Good intentions and a little fudging on the r?sum? and people get all upset....

CBS is reporting on an odd little item about some of leaders in Washington. First these CBS folks prove they hate America by airing those prison abuse photographs on 60 Minutes and undercut our noble efforts in Iraq. Remember this from Jonah Goldberg over at William F. Buckley's National Review?
Whoever leaked these pictures to the press was not doing anybody any favors. Since the case was already being handled, the release of these pictures did more harm than good. I don't blame 60 Minutes for running them - though I don't applaud them either. But a person would/could be morally obligated to leak these pictures if the army was covering it up or refusing to investigate. It doesn't sound like that was the case. So releasing the photos isn't prodding the government to do the right thing, it's encouraging millions of Arabs to hate us. That's not whistle-blowing, that's sabotage.
CBS is irresponsible, it seems.

You want the best and the brightest running the show, folks who would never let these photos be disseminated.

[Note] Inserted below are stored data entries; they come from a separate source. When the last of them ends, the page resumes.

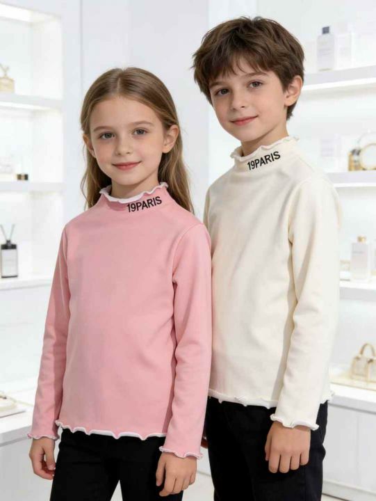 男女童装春装宝宝高领薄款加绒打底衫,码数2-6码,独...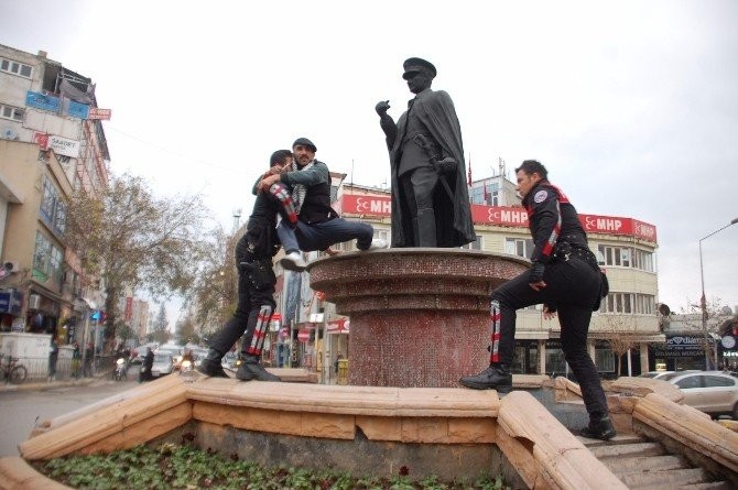 Sosyal medyada paylaşılan bir videoda, Adıyaman’daki Atatürk heykeline saldıran Suriyeli bir mültecinin gösterildiği iddia edildi. Videoda, Suriyeli olduğu iddia edilen kişinin Kapcami Mahallesi Sümer Meydanı’nda bulunan Atatürk heykeline çıktığı ve heykelin omuzlarında oturduğu görülebiliyor.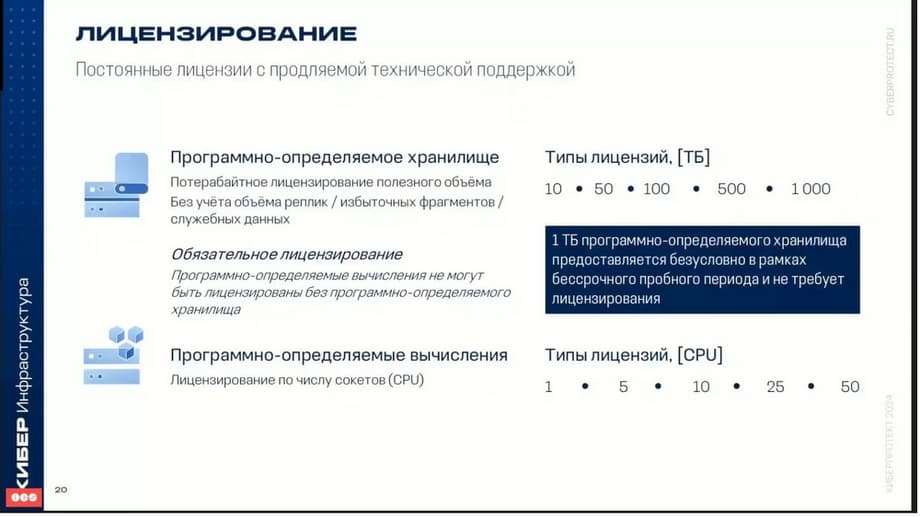 Licensing. Storage is licensed by terabytes, and it is licensed specifically for usable space. As for virtualization, it is licensed by the number of server sockets. It should be said that in order to deploy in a test environment, a free license for 1 TB is included, it is included in the trial version.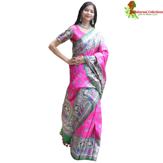 Maharani's Pure Tussar Silk Saree (Silk Mark) - Magenta with Madhubani Hand Painting
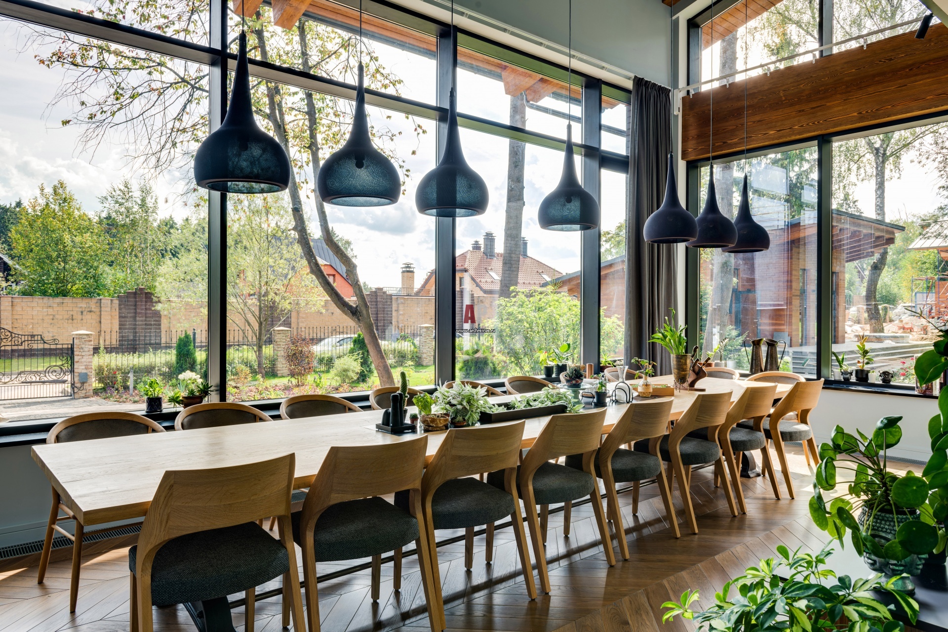Парадная столовая находится в стеклянном объеме. Обеденный стол длиной 6 метров, шириной 1,5 метра и весом 500 кг изготовлен из цельного древесного слэба по эскизам автора проекта на фабрике Arxe. Стулья, Voglauer. Светильники, Cattelan Italia.
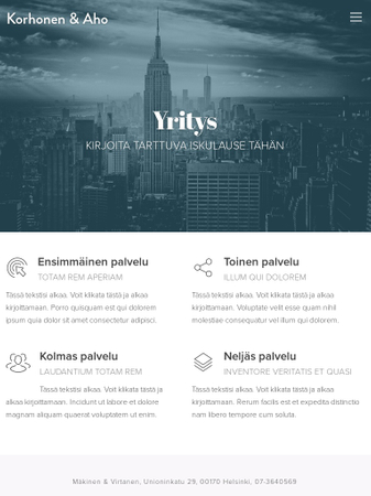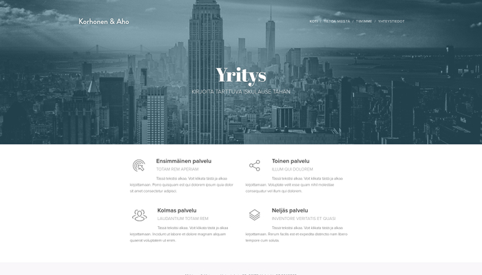 Selkeä design, suunniteltu kaikille yrityksille jotka haluavat siirtyä online-tilaan. Käytä kotisivuja keskittyäksesi palveluihin ja anna asiakkaiden tietää miksi heidän tulisi tulla käymään. Lisää osioita minne tarvitset ja anna yrityksesi kukoistaa.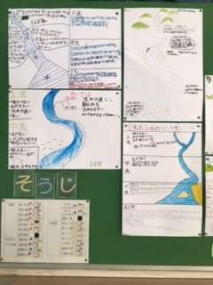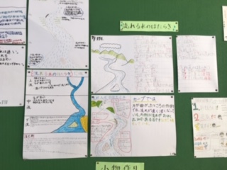 「流れる水のはたらき」の学習でわかったことを班でまとめています。

Well, who is running the show in Washington? From the new CBS item -
Assistant Secretary of Defense Charles Abell has a master's from Columbus University, a diploma mill Louisiana shut down. Deputy Assistant Secretary Patricia Walker lists among her degrees, a bachelor's from Pacific Western, a diploma mill banned in Oregon and under investigation in Hawaii.

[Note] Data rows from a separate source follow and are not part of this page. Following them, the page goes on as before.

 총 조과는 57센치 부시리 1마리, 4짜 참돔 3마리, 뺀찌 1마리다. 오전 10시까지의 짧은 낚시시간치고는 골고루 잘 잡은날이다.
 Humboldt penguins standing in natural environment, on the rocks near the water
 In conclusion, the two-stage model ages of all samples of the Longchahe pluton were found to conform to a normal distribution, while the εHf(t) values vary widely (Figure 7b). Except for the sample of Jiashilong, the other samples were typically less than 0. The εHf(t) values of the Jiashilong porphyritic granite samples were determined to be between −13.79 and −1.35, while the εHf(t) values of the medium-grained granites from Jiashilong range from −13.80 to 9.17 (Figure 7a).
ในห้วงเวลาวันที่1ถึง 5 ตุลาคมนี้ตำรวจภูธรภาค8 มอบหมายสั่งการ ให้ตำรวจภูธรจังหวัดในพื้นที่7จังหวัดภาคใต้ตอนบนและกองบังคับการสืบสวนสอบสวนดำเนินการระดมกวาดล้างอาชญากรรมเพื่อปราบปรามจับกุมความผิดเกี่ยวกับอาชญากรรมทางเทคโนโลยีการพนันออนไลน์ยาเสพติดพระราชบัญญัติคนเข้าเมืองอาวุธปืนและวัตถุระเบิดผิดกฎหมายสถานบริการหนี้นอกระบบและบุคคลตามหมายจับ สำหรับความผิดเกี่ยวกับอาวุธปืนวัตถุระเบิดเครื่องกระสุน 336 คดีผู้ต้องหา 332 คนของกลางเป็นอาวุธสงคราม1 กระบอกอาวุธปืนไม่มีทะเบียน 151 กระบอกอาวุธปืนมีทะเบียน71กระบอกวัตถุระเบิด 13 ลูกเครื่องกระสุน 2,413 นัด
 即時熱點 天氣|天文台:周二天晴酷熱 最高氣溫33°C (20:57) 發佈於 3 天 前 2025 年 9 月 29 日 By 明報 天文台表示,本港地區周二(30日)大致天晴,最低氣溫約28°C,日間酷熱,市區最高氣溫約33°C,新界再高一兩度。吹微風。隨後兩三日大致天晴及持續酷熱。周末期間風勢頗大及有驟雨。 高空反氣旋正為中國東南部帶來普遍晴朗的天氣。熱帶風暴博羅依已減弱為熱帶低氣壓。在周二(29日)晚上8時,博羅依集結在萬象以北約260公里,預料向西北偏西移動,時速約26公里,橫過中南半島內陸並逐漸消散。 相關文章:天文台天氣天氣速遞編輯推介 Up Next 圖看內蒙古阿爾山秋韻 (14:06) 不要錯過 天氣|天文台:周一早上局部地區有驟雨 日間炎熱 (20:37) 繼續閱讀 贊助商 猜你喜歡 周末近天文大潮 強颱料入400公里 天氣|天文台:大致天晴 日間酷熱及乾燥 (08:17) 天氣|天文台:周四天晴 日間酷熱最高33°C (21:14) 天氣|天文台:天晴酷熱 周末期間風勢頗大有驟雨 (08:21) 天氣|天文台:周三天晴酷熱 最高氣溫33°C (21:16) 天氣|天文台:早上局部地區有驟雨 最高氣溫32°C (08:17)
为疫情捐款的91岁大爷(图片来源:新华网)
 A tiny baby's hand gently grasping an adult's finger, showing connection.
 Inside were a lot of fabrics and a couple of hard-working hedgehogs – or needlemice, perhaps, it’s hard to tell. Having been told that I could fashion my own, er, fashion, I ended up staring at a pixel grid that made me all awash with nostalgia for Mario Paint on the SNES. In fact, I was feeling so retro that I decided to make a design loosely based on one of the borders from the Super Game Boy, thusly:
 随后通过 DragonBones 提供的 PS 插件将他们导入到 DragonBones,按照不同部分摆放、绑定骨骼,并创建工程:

CBS News requested interviews with both officials. The Pentagon turned us down, saying, "We don't consider it an issue."

But using such a degree is a crime in some states. Alan Contreras cracks down on diploma mills for Oregon, a state that's taken the lead on this issue.

"You don't want somebody with a fake degree working in Homeland Security," says Contreras. "You don't want somebody with a fake degree teaching your children or designing your bridges."

But we found employees with diploma mill degrees at the new Transportation Security Administration, the Defense Intelligence Agency and the Departments of Treasury and Education, where Rene Drouin sits on an advisory committee. He has degrees from two diploma mills including Kensington University.
So what's up with CBS? Do they want the FCC to shut them down as a subversive organization? Geez. They seem to be trying to embarrass the important people who keep us safe.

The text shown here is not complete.